WHAT YOU SHOULD DO: Make a verbatim transcription of the records, without the pictures.

TASK MATERIAL:
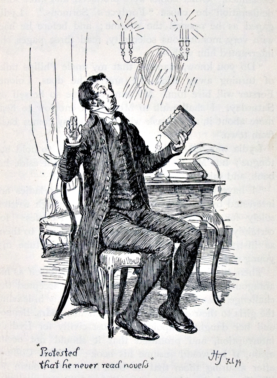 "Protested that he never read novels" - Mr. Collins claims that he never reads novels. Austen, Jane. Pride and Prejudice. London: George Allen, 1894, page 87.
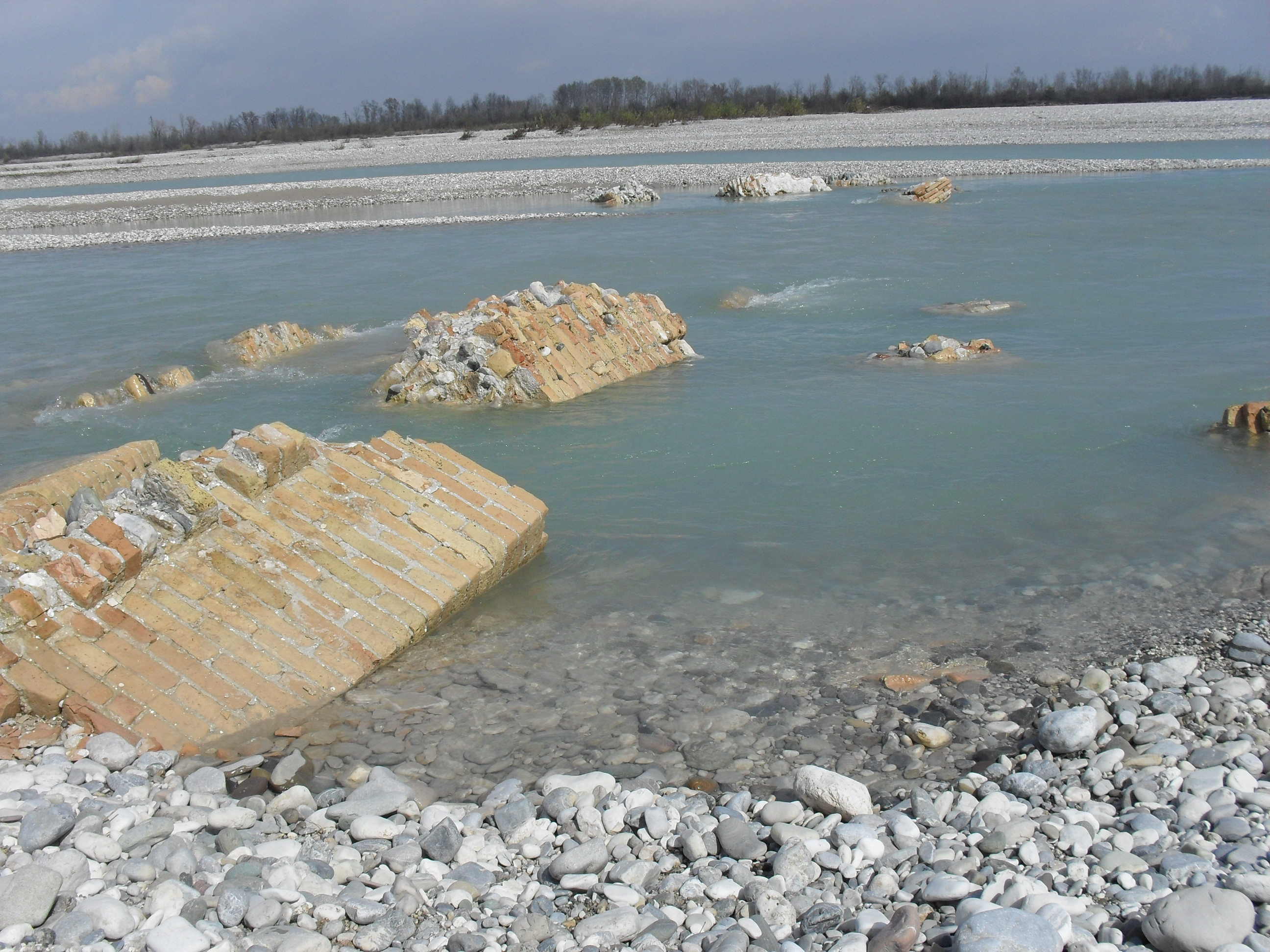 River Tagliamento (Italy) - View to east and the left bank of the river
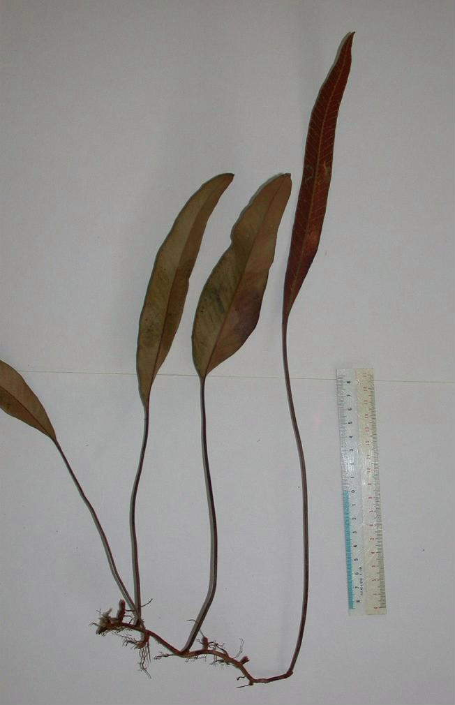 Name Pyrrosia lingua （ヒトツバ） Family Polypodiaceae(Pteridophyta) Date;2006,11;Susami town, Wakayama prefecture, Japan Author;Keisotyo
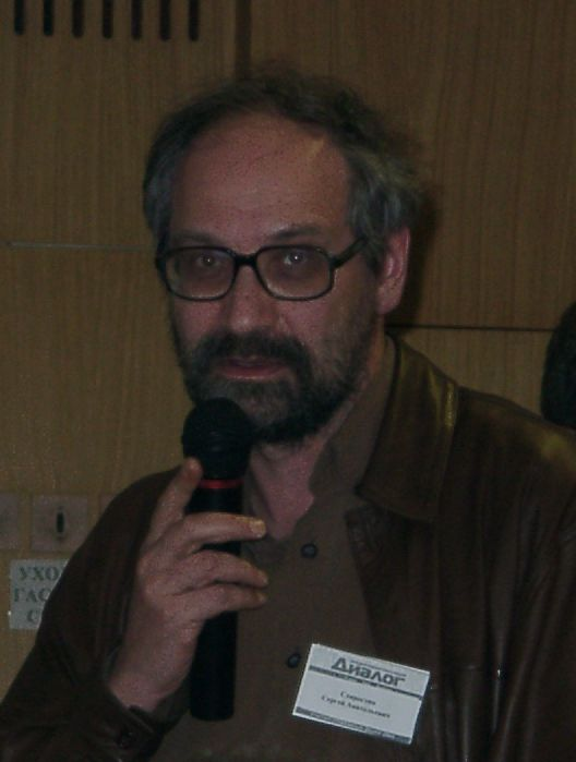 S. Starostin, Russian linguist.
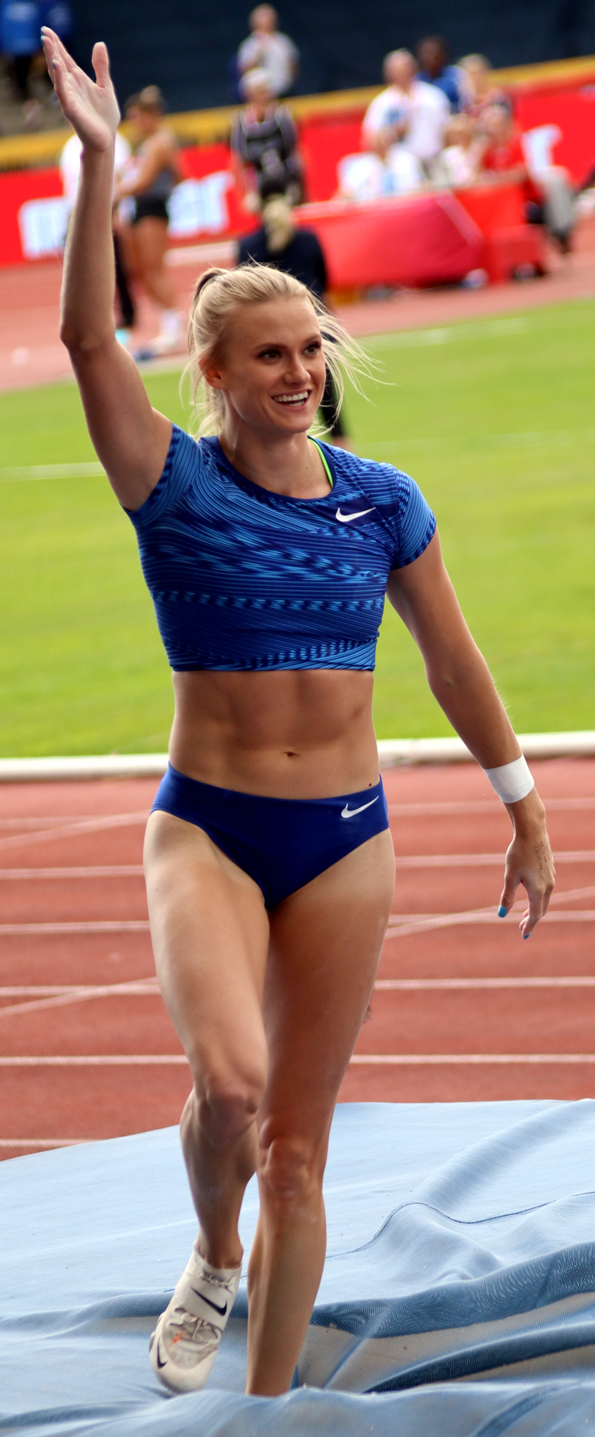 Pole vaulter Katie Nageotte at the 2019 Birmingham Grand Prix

WRITTEN ANSWER:
 "Protested that he never read novels" - Mr. Collins claims that he never reads novels. Austen, Jane. Pride and Prejudice. London: George Allen, 1894, page 87.
 River Tagliamento (Italy) - View to east and the left bank of the river
 Name Pyrrosia lingua （ヒトツバ） Family Polypodiaceae(Pteridophyta) Date;2006,11;Susami town, Wakayama prefecture, Japan Author;Keisotyo
 S. Starostin, Russian linguist.
 Pole vaulter Katie Nageotte at the 2019 Birmingham Grand Prix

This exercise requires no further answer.